Henry Chadwick, the 'Father of Baseball' may have created the original Statcast in 1889
'Father of Baseball' drew original 'Statcast' in 1889
Long before Bill James was publishing a handbook and we were ogling tape-measure home runs landing in upper decks across America, a guy named Henry Chadwick was busy becoming the "Father of Baseball."
Chadwick was born in England in 1824, but soon made his voyage to the New World, where he went on to become an American sports writer. All Chadwick did to contribute to the game of baseball was write about it extensively in its infancy, coin the abbreviation "K" to stand for strikeouts and invent the box score. So, you know, almost everything.
In 1908, Chadwick caught a cold after attending an exhibition game at the Polo Grounds. That eventually became pneumonia, and then heart failure. He woke up just long enough to ask about the Superbas-Giants game, but he couldn't pull through.
Upon Chadwick's death, he willed his personal baseball library to one of the sport's legends, Albert Spalding. Spalding's widow later bequethed the documents to the New York Public library.
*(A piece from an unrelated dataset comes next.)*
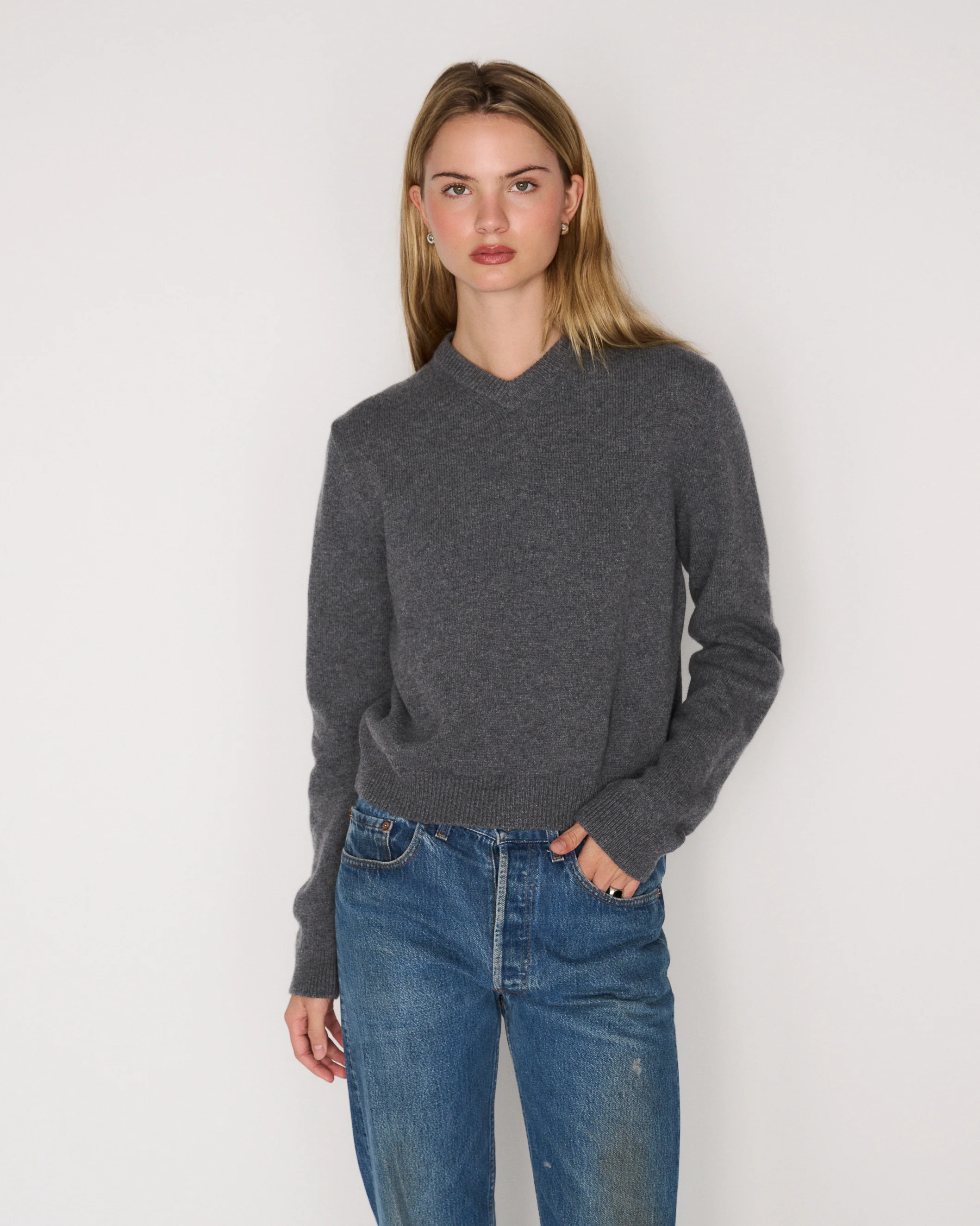 The RLT v-neck sweater is made from our signature cashmere wool blend locally in Los Angeles. With a 90's-inspired high v-neck and thick weave, this sweater can be worn alone or layered. We recommend sizing up for a looser look.

The Spalding Collection included photographs of old-timey photographs, more than 3,000 books and pamphlets, scorebooks and other materials, including this 1889 drawing by Chadwick.
The illustration outlines the basic rules differentiating between fair and foul balls in play.
Now, 126 years later, Statcast™ publishes exit velocity on home runs and route efficiency to evaluate efforts in the field nearly instantaneously. There's even a stats page that let's you sort by launch speed. The future, right?
Can't wait for the year 2045 when digital renderings of a player's spray charts are superimposed over the playing surface to help fielders allign properly and hitters have contact lenses that display breaking pitches in different colors. See you there?
If you can't wait until then, feel free to check out the ghosts of baseball statisticians past over at MLB's Baseball Memory Lab where you'll find Chadwick's old love letters and business cards, boxscores and photographs. It's the best way you can waste a rainy afternoon with no live sports (trust us, we're doing the same thing).